[Start of Attachment]

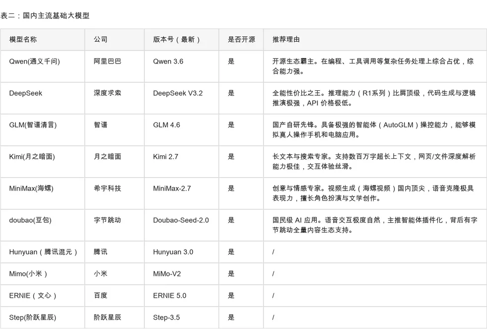 表二:国内主流基础大模型:
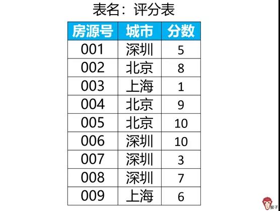 评分表里记录了各个城市房源的评分,包括房源号、城市、分数。
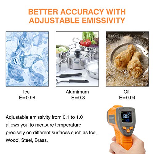 🔥【Diverse Toepassingen】 -50℃~550℃/ groot meetbereik, kan gebruikt worden voor opervlakte temperatuur meting van voedselof, koelkasten , auto.s, elektrische apparaten , chemische stoffen en andere objecten.

[End of Attachment]

• **The task**
In the reply, each line of the data must appear exactly as written, and no picture may appear.

• **Response below**
 表二:国内主流基础大模型:
 评分表里记录了各个城市房源的评分,包括房源号、城市、分数。
 🔥【Diverse Toepassingen】 -50℃~550℃/ groot meetbereik, kan gebruikt worden voor opervlakte temperatuur meting van voedselof, koelkasten , auto.s, elektrische apparaten , chemische stoffen en andere objecten.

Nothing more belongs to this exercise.